Rp500 Miliar per Kilometer
Rata-rata biaya Rp500 miliar per kilometer bukan tanpa alasan. Sejumlah ruas memiliki tantangan teknis tinggi, mulai dari kontur wilayah, kebutuhan konstruksi layang (elevated), hingga kepadatan kawasan perkotaan. Tiga ruas—Sentul–Karawang Barat, Gedebage–Tasikmalaya–Ciamis, dan Cikunir–Karawaci—bahkan menyerap hampir 70 persen dari total anggaran.
Konsentrasi investasi ini menempatkan ketiga koridor tersebut sebagai tulang punggung baru mobilitas Jawa Barat. Selain menopang kawasan industri dan logistik, ruas-ruas ini juga diharapkan menjadi penghubung strategis antara wilayah utara, tengah, dan selatan Jabar.

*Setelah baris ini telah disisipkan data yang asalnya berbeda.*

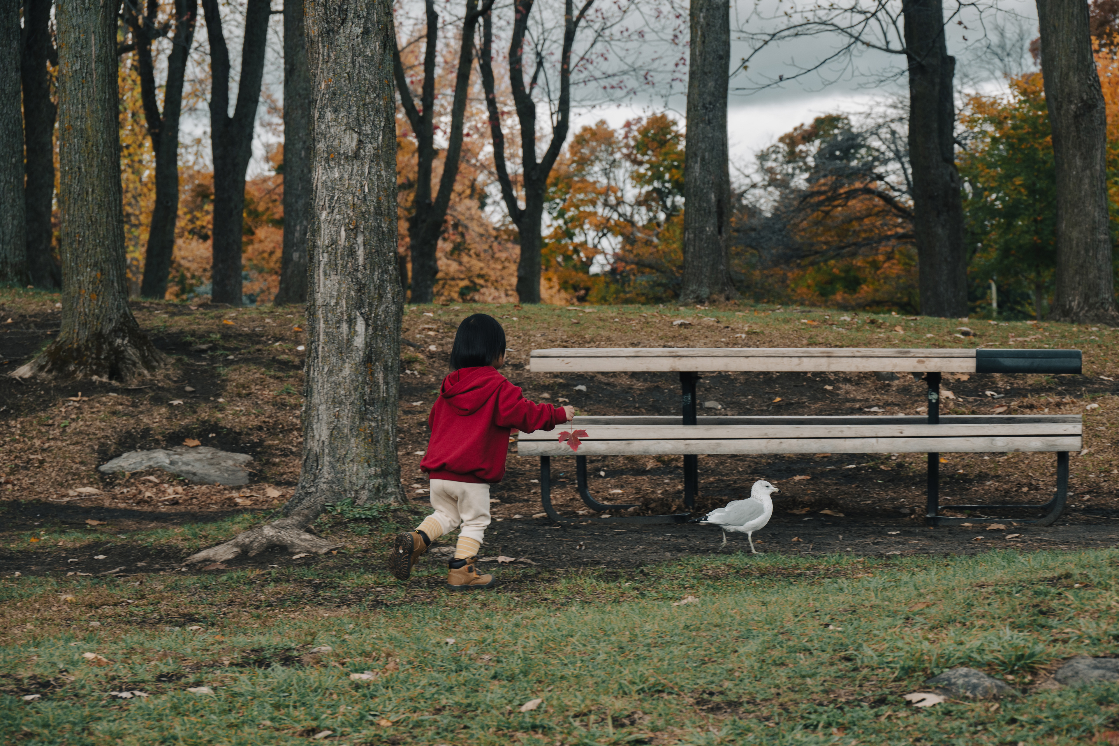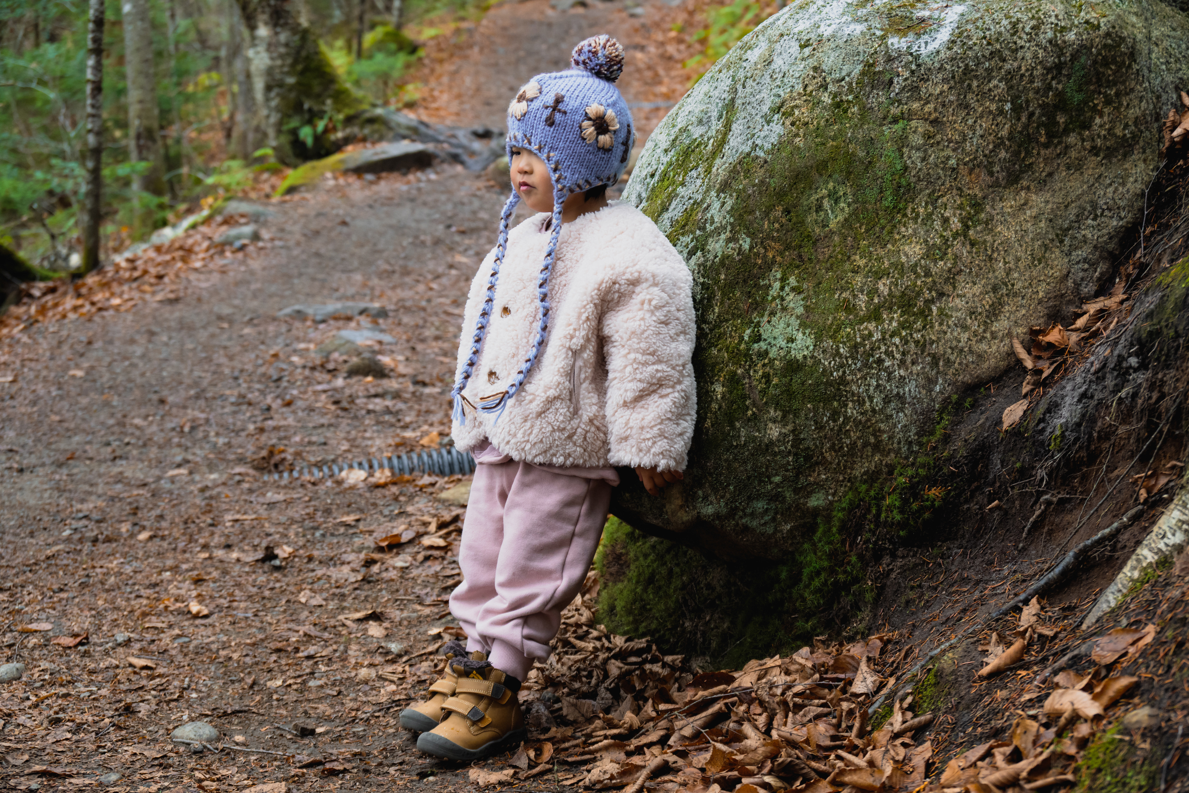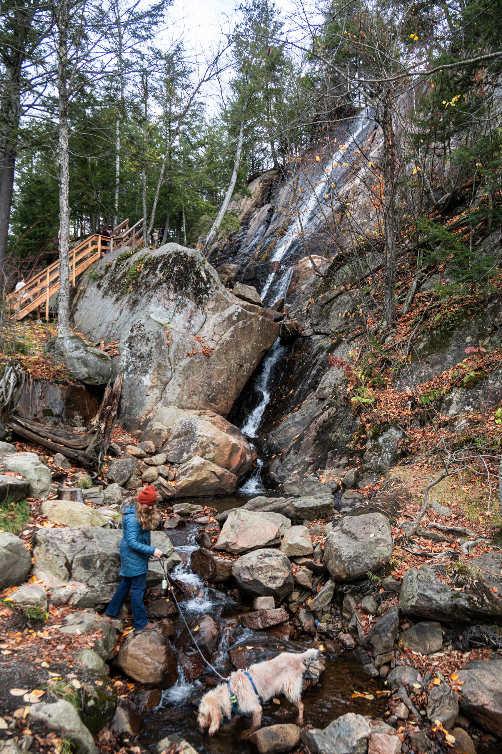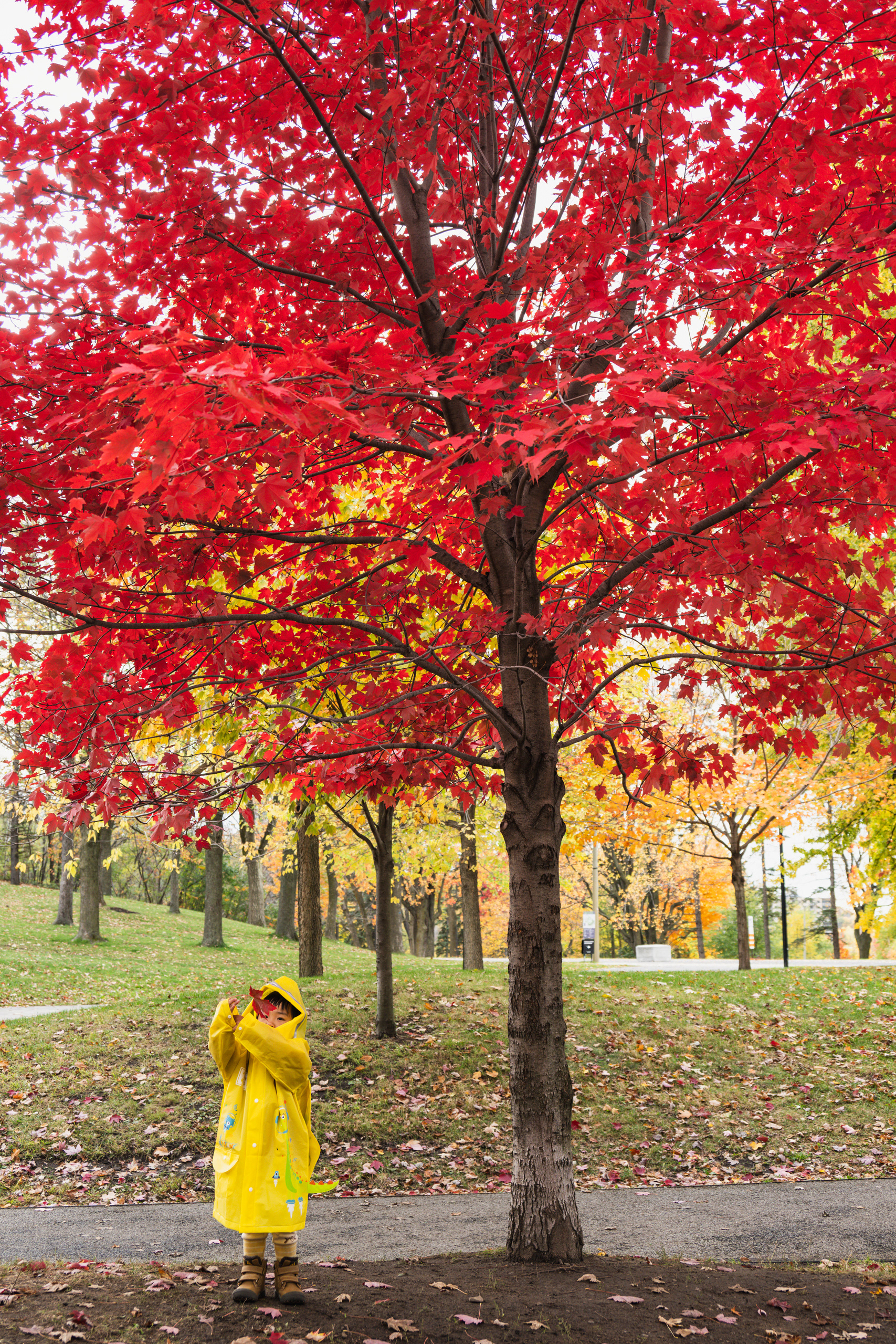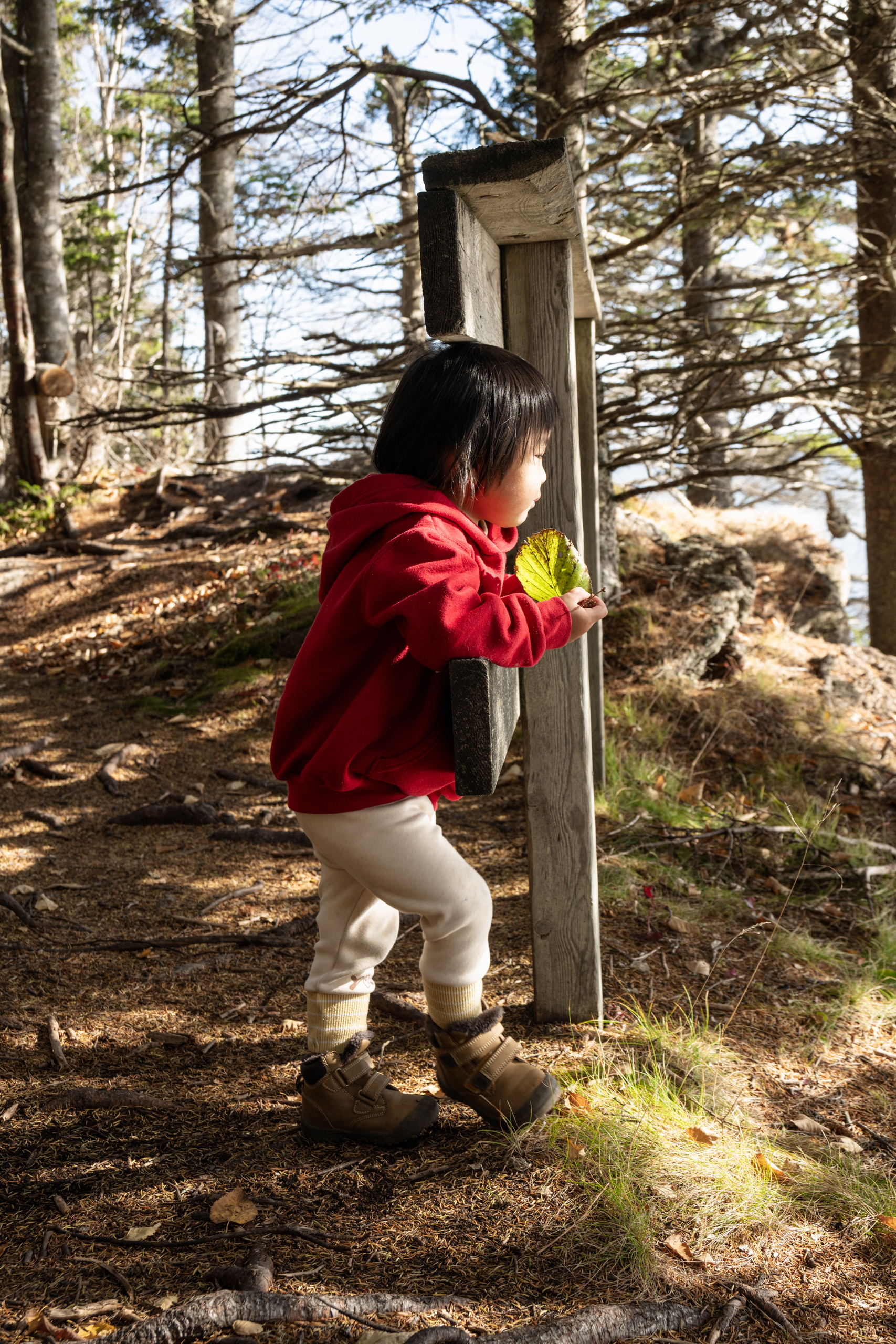 The rational argument writes itself: the foliage window is narrow, the family is scattered across time zones, and the leaves wait for no one. So this (2025) October, I packed a car seat, a portable potty (non-negotiable), and my daughter — who is at the age where every crow, puddle, and parking cone demands full photographic documentation — and pointed the rental car toward everything east.
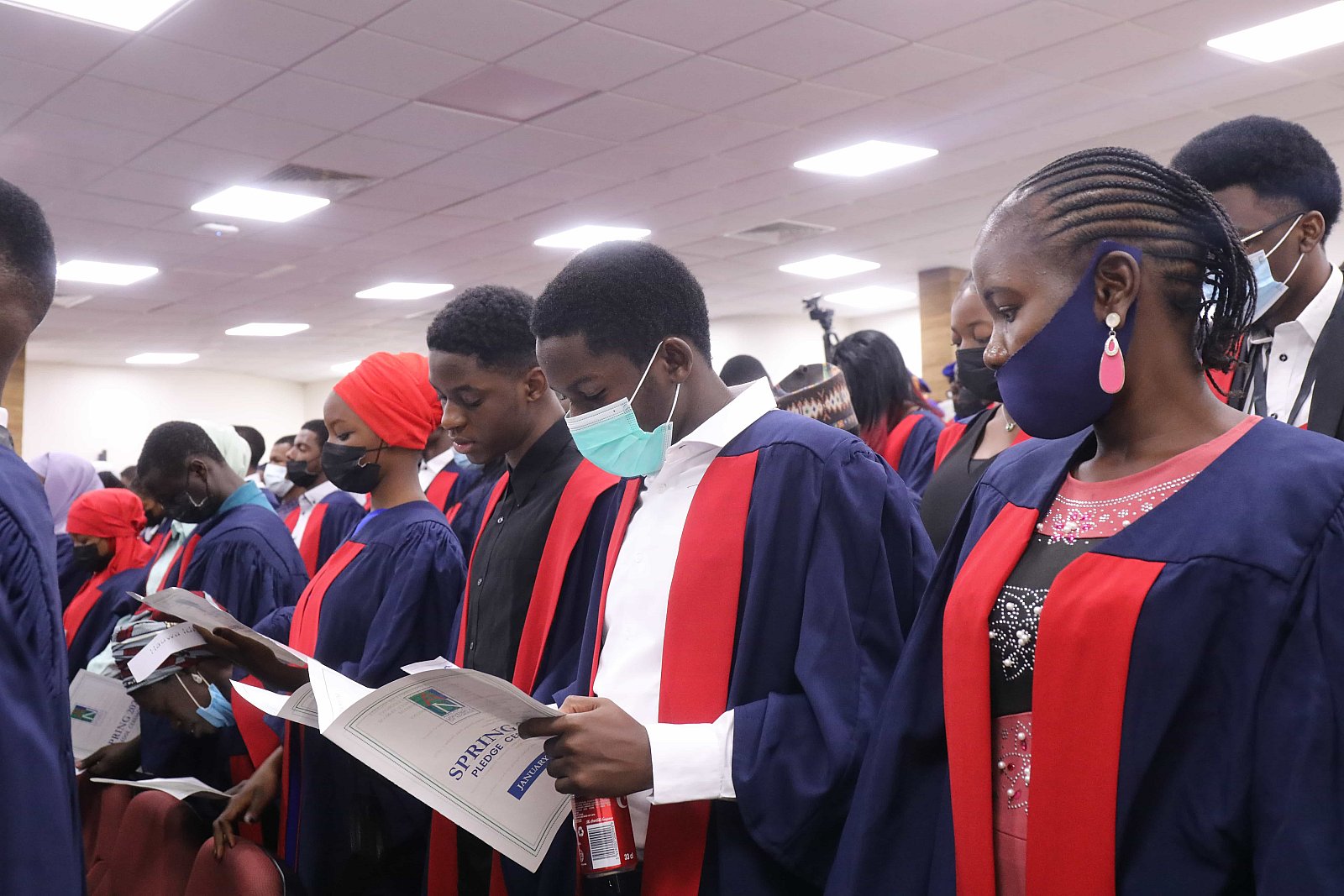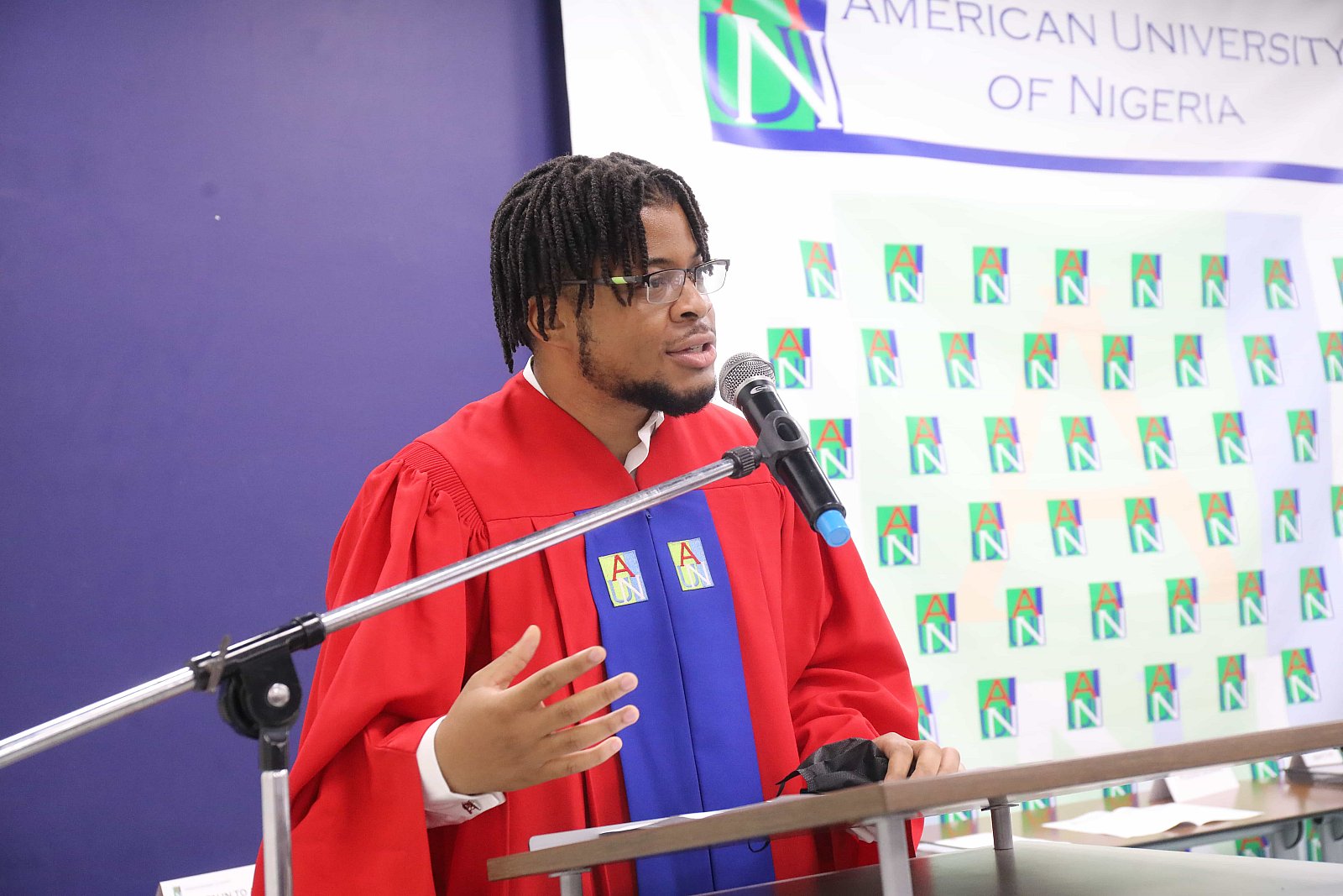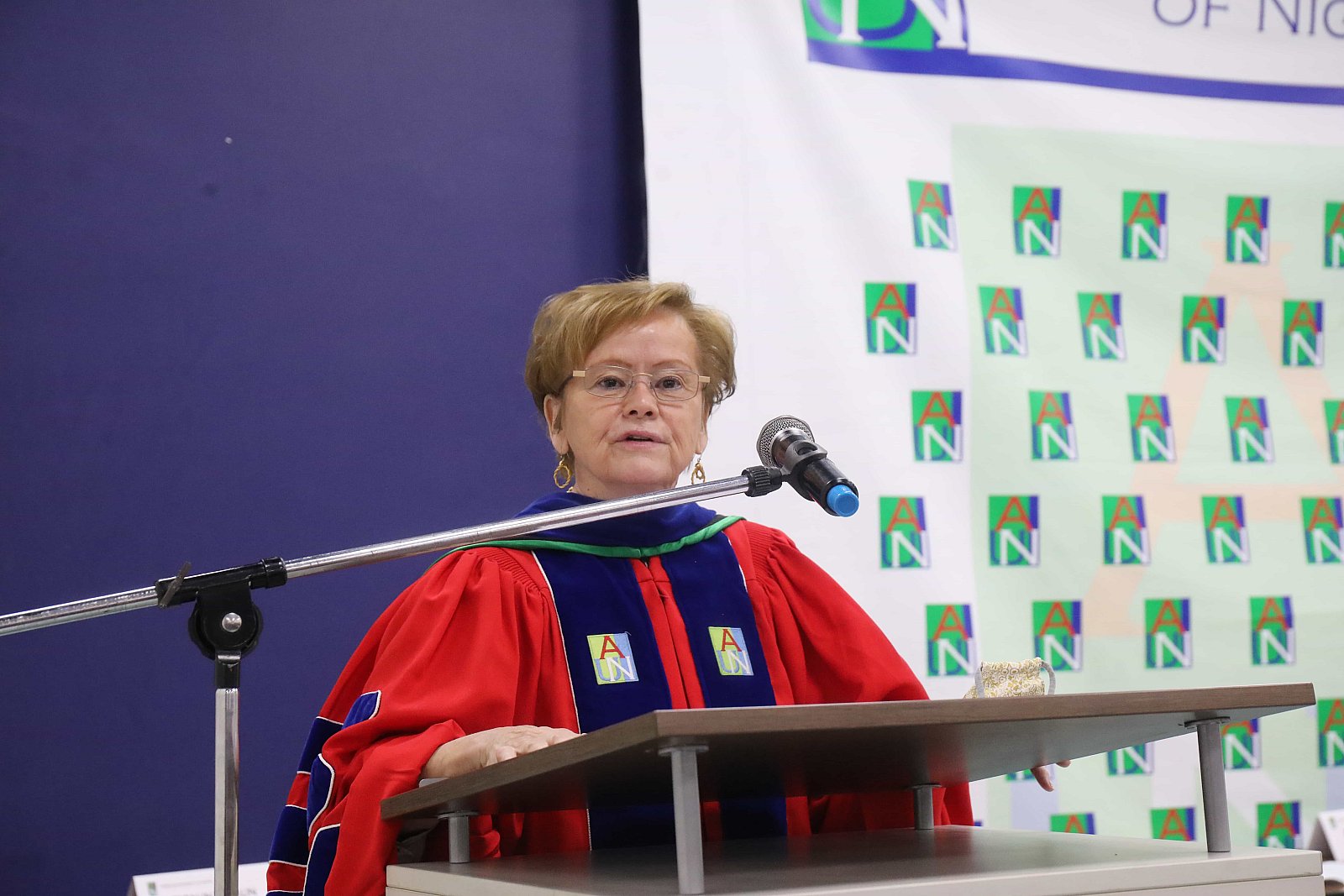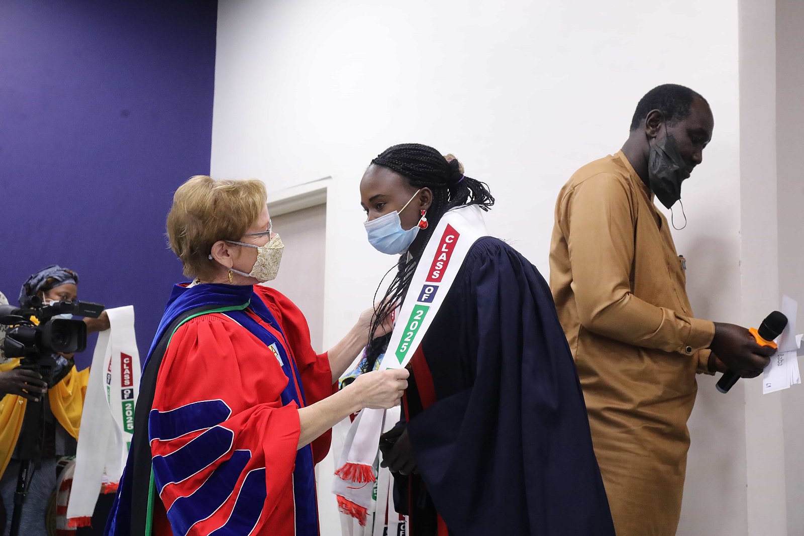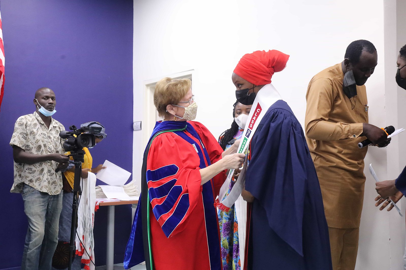 Newly matriculated students with AUN President , Margee Ensign, faculty and family members.
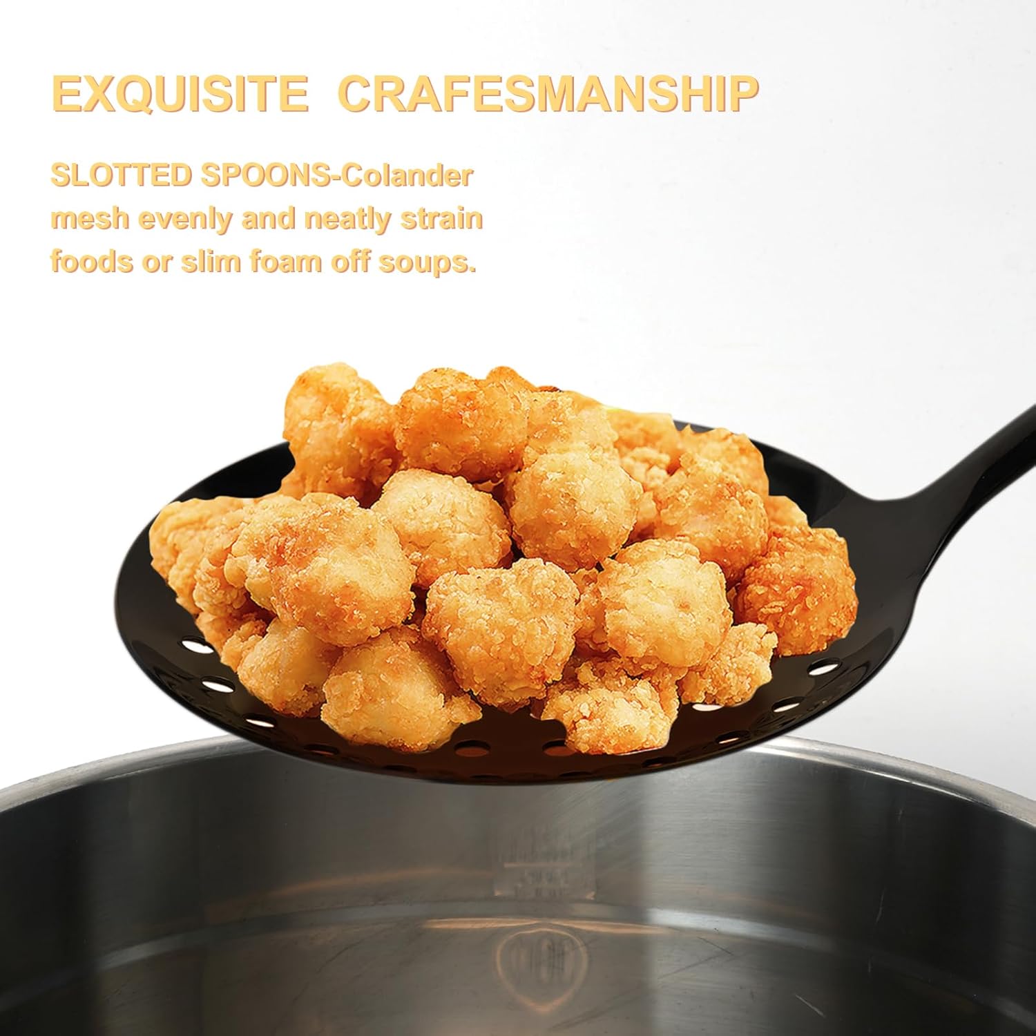 - Safety and Healthy: JXWING perfect slotted turner are design with stir-frying or grilling as the oil or butter easily drains through the slots, which means flushing out excess fats can lead to better dietary health control. The enough thickned slotted head does not bend at all when turning or lifting heavier foods.

Harapan Warga di Balik Angka Triliunan
Di balik angka jumbo dan peta proyek, Tol di Jabar menyentuh kehidupan warga secara langsung. Bagi pelaku usaha kecil di Priangan Timur, rencana Tol Gedebage–Tasikmalaya–Ciamis membawa harapan baru. Asep (41), pemilik usaha makanan olahan, berharap ongkos kirim produknya bisa ditekan. “Kalau jalur cepat ada, distribusi ke kota besar lebih lancar. Waktu tempuh berkurang, biaya juga bisa turun,” ujarnya.
Cerita serupa datang dari sopir logistik di Karawang yang sehari-hari bergelut dengan kemacetan kawasan industri. Bagi mereka, tol baru bukan sekadar fasilitas premium, melainkan efisiensi kerja yang berdampak langsung pada pendapatan.
Target 2027 dan Taruhan Waktu
Pemerintah Provinsi Jawa Barat menargetkan pada 2027 seluruh jaringan jalan—mulai dari tol, jalan nasional, provinsi, kabupaten, hingga desa—terkoneksi dalam kondisi mantap. Target ini disebut sebagai prasyarat lahirnya sirkulasi ekonomi yang lebih merata.
Namun, publik juga mencermati tantangan klasik proyek infrastruktur: pembebasan lahan, konsistensi pendanaan, serta risiko keterlambatan. Dengan skala proyek dan biaya per kilometer yang tinggi, keberhasilan Tol di Jabar sangat ditentukan oleh manajemen waktu dan transparansi pelaksanaan.
Lebih dari Sekadar Jalan
Jika seluruh proyek rampung sesuai jadwal hingga 2029, Jawa Barat akan memiliki wajah baru dalam mobilitas dan logistik. Tol di Jabar tidak lagi hanya soal kecepatan, tetapi tentang arah pembangunan: siapa yang terhubung, siapa yang tumbuh, dan bagaimana manfaatnya dirasakan warga.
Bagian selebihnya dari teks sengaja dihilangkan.